### Material provided:
————————
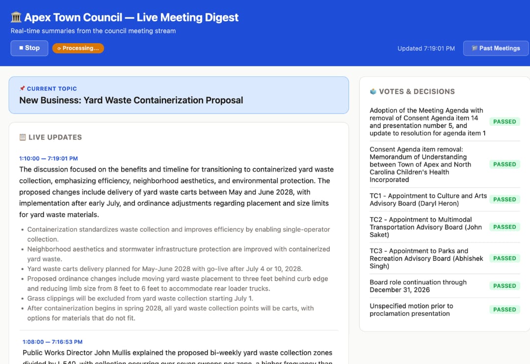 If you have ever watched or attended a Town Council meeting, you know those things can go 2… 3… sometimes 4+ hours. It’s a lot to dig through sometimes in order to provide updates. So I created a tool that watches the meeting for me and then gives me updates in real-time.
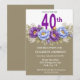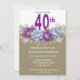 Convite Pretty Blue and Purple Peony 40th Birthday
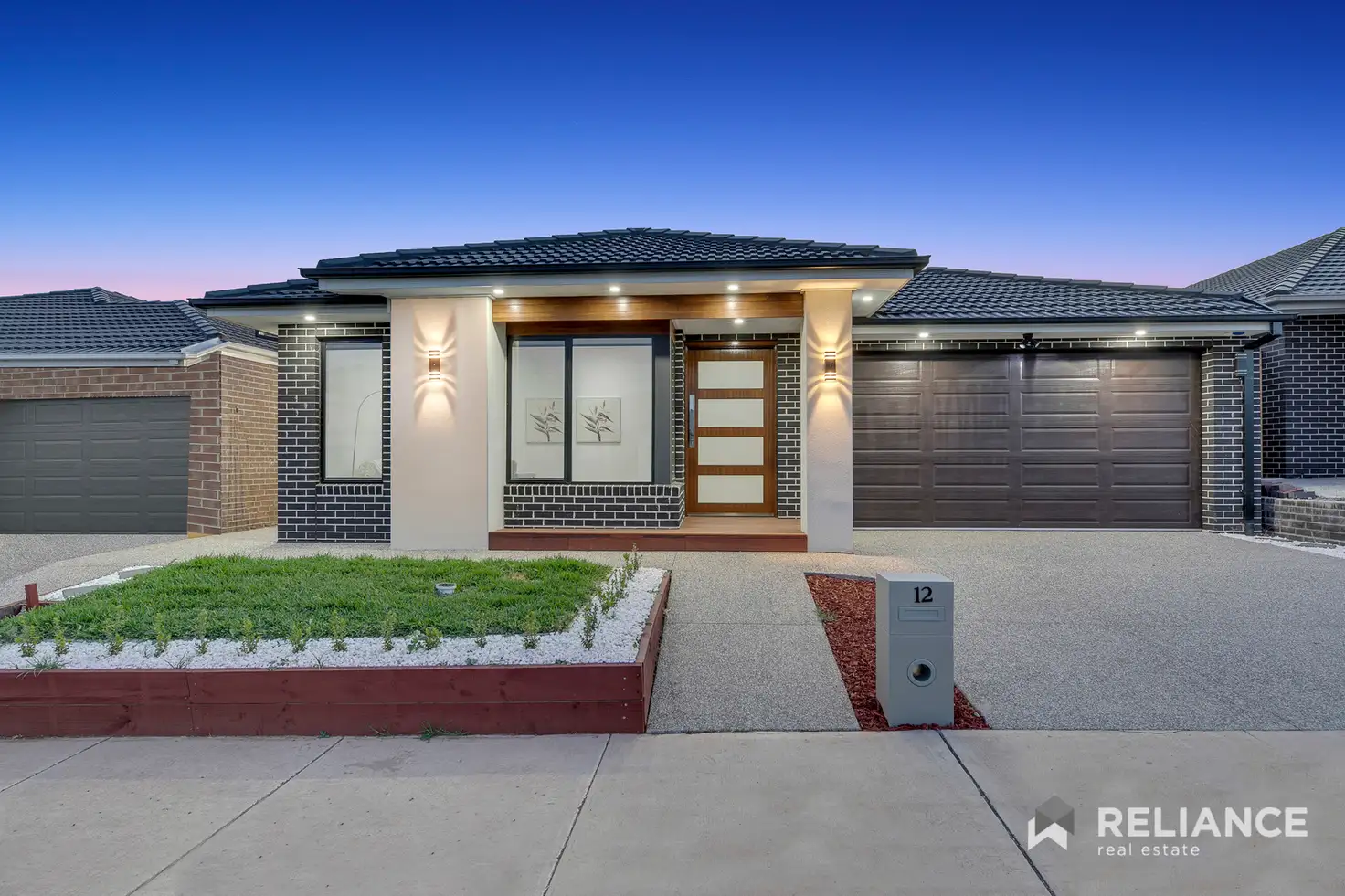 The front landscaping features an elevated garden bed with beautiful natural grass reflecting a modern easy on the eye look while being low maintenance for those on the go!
————————
### Exercise directions:
Your task is to repeat, word for word and with no picture, every line from the one that contains "Convite Pretty Blue" through the last line of the data.

### Reply to the exercise:
 Convite Pretty Blue and Purple Peony 40th Birthday
 The front landscaping features an elevated garden bed with beautiful natural grass reflecting a modern easy on the eye look while being low maintenance for those on the go!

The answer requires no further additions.